HOMILÍA DEL SANTO PADRE JUAN PABLO II

Gruta de Nuestra Señora de Lourdes, Vaticano
Lunes 2 de julio de 1979

 

Carísimos:

1. Nuestro encuentro matutino en este lugar tan sugestivo que nos lleva con la mente y el corazón a la gruta de Lourdes, lugar predilecto y bendito, donde María Santísima se apareció a la pequeña Bernardette, tiene un significado bien concreto: es un encuentro familiar junto al altar del Señor y bajo la mirada de la Virgen María, con el Secretario de Estado, el nuevo cardenal Agostino Casaroli, mi primer colaborador; con el obispo y una representación de sacerdotes de su diócesis natal, Piacenza, así como con sus parientes y amigos.

Es para mí este un momento de particular alegría, que me ofrece la ocasión de manifestar mis sentimientos de afecto y de vivo aprecio hacia aquel que, tras largos años de generosa dedicación transcurridos en el servicio total y directo a la Santa Sede y al Papa, ha sido ahora revestido con la importante y grave responsabilidad de Secretario de Estado.

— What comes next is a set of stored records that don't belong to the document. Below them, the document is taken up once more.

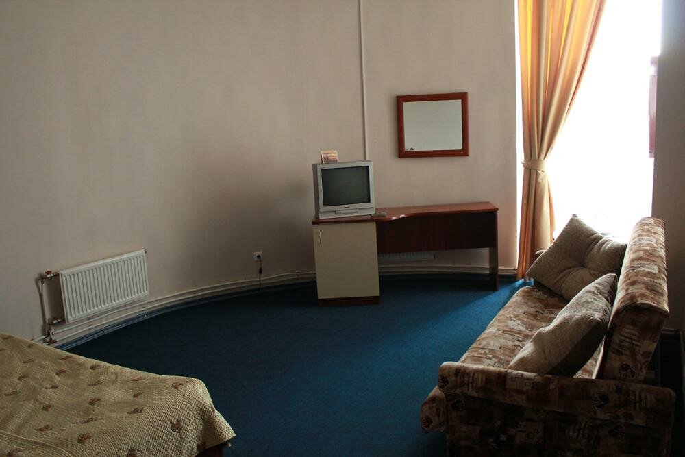Мне понравилось почти всё. Честно говоря, вход в гостиницу немного напугал… Зато номер приятно удивил. К минусам можно отнести звукоизоляцию. Завтрак входит в стоимость проживания. Тапочки, халат. Чистый большой номер. Бассейн при сауне. Очень приятный, доброжелательный персонал. Конечно требуется привести в порядок душевую кабину и стенки бассейна. В номере не оказалось холодильника, что странно. Телевизор, тарелка, стаканы, В ванной жидкое мыло для рук, шампунь и гель для душа в индивидуальной упаковке. Сама атмосфера приятная. Рядом городской пляж. Спасибо за гостеприимство.
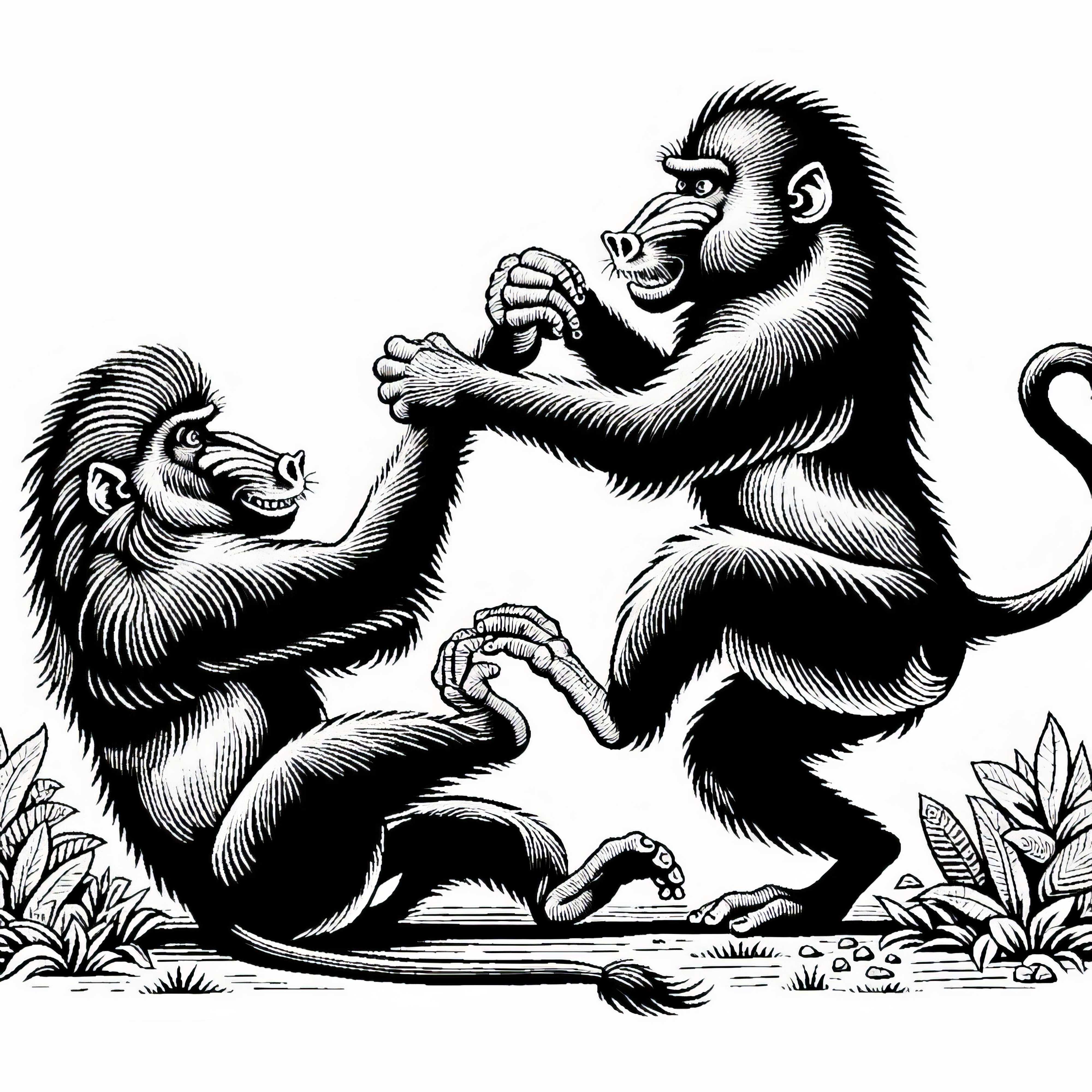 Mandrill kratzt sich mit Pfote am Kopf – Ausmalbild kostenlos herunterladen
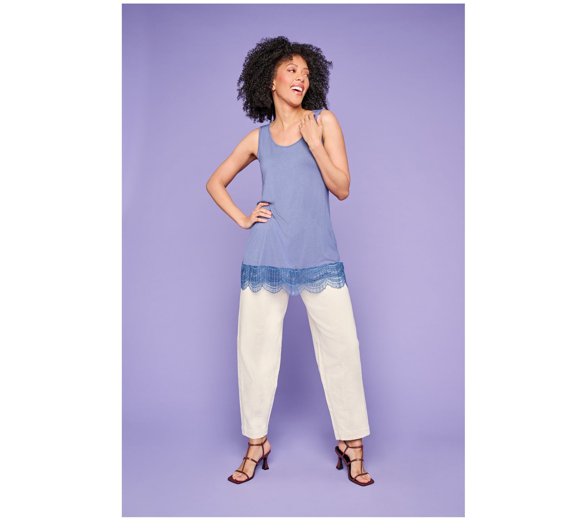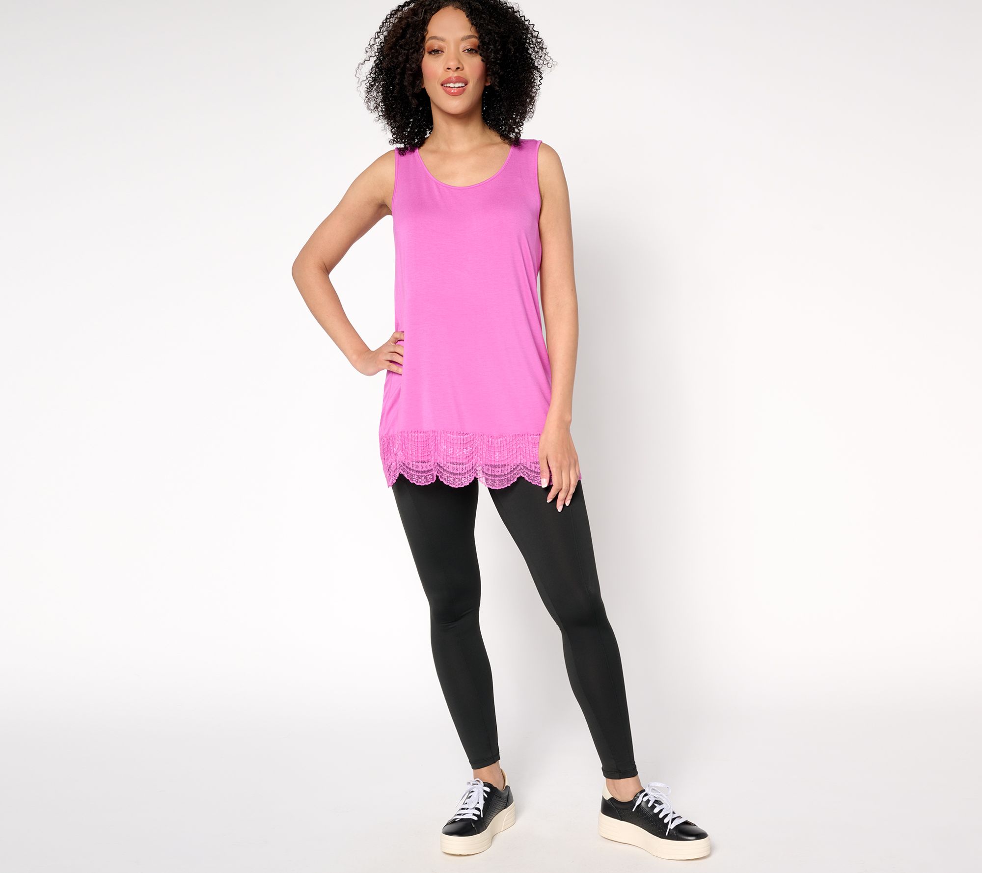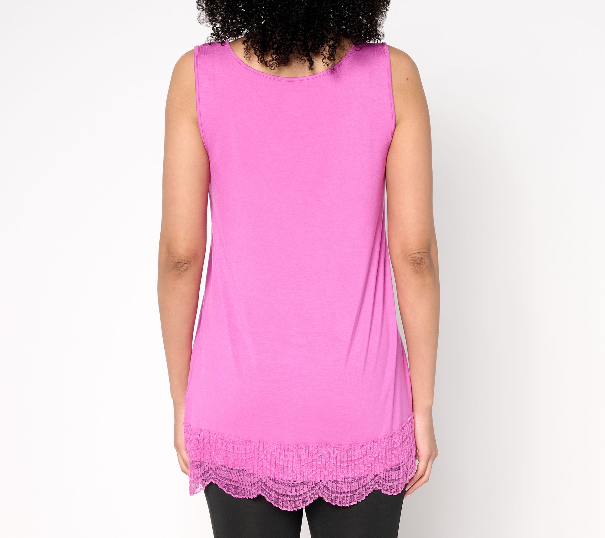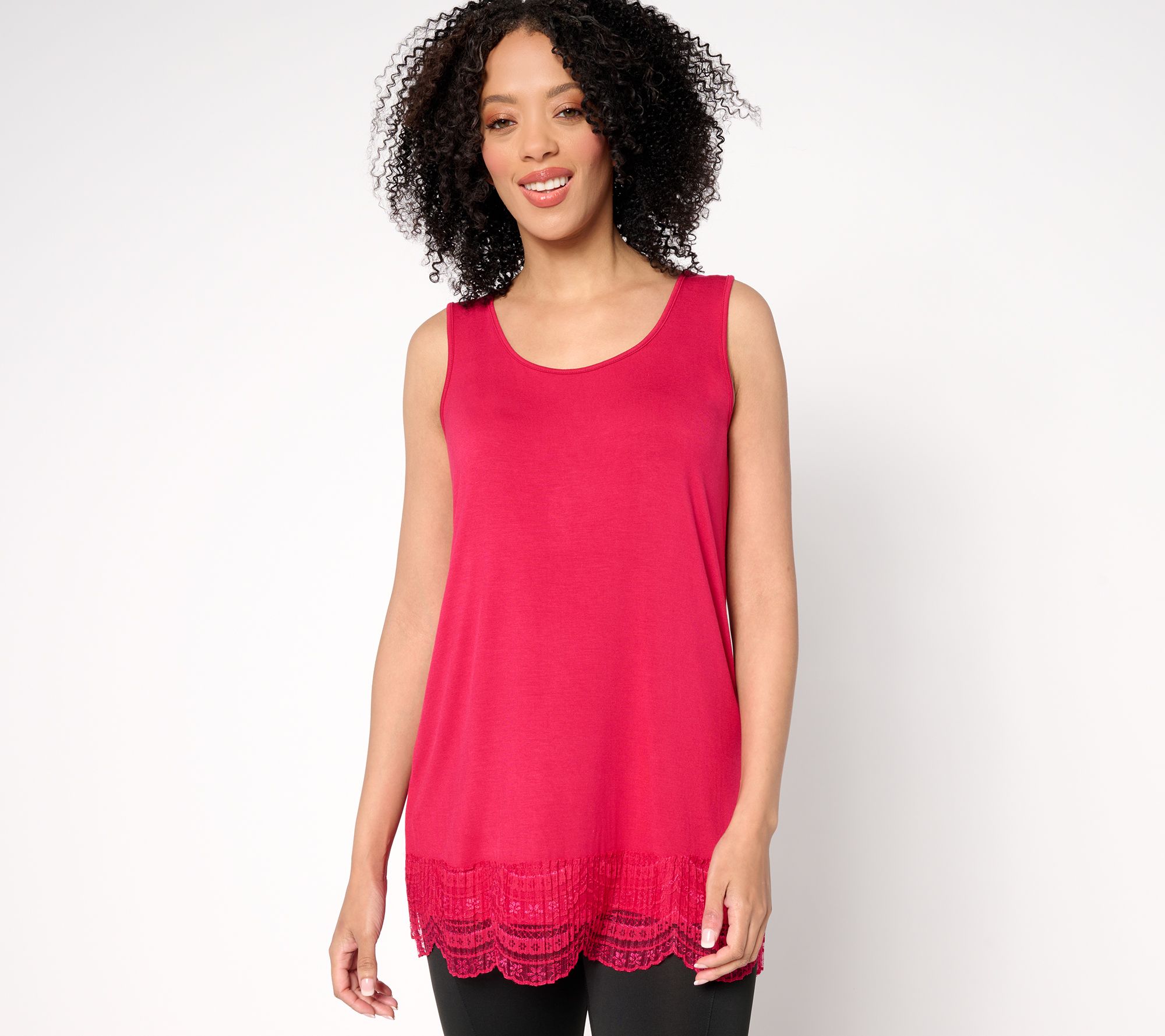 Layer on a lovely lace look with this LOGO Layers knit tank. The sleeveless style works well with jackets, cardigans, and more, while the scalloped lace trim adds a feminine touch you'll adore. From LOGO by Lori Goldstein®.

Siento el deber de dar vivamente las gracias al cardenal Casaroli por la solicitud y acierto con que se prodiga por el bien de la Iglesia, así como por haber aceptado este cargo tan alto y tan importante. E invito a todos a que le acompañen con la constante fervorosa oración, a fin de que el Señor le sirva siempre de luz, de ayuda y de consuelo.

Me complazco también con toda la diócesis de Piacenza que, con la seria y amorosa formación impartida en sus seminarios, ha sabido dar para el servicio de la Iglesia muchas y eminentes personalidades. No puedo sino desear de corazón cada vez más numerosas y santas vocaciones sacerdotales en vuestra diócesis, para las necesidades locales y de la Iglesia universal.

Dirijo un saludo especialmente cordial a los familiares del cardenal Casaroli, asegurándoles que participo vivamente de su sincera alegría en estos días, tan significativos e importantes.

2. Inspirándonos ahora en la Palabra de Dios que nos brinda la liturgia de hoy, vamos a tratar de sacar de ella alguna buena norma para nuestra vida.

Tenemos, por de pronto, ante nuestros ojos la escena, plásticamente descrita por el Evangelista San Juan: estamos en el Monte Calvario, hay una cruz, en la que está clavado Jesús; y está, allí al lado, la Madre de Jesús, rodeada de algunas mujeres; está también el discípulo predilecto, Juan precisamente. El Moribundo habla, con la respiración afanosa de la agonía: "¡Mujer, he ahí a tu hijo!". Y luego, dirigiéndose al discípulo: "¡He ahí a tu Madre!". La intención es evidente: Jesús quiere confiar su Madre a los cuidados del discípulo amado.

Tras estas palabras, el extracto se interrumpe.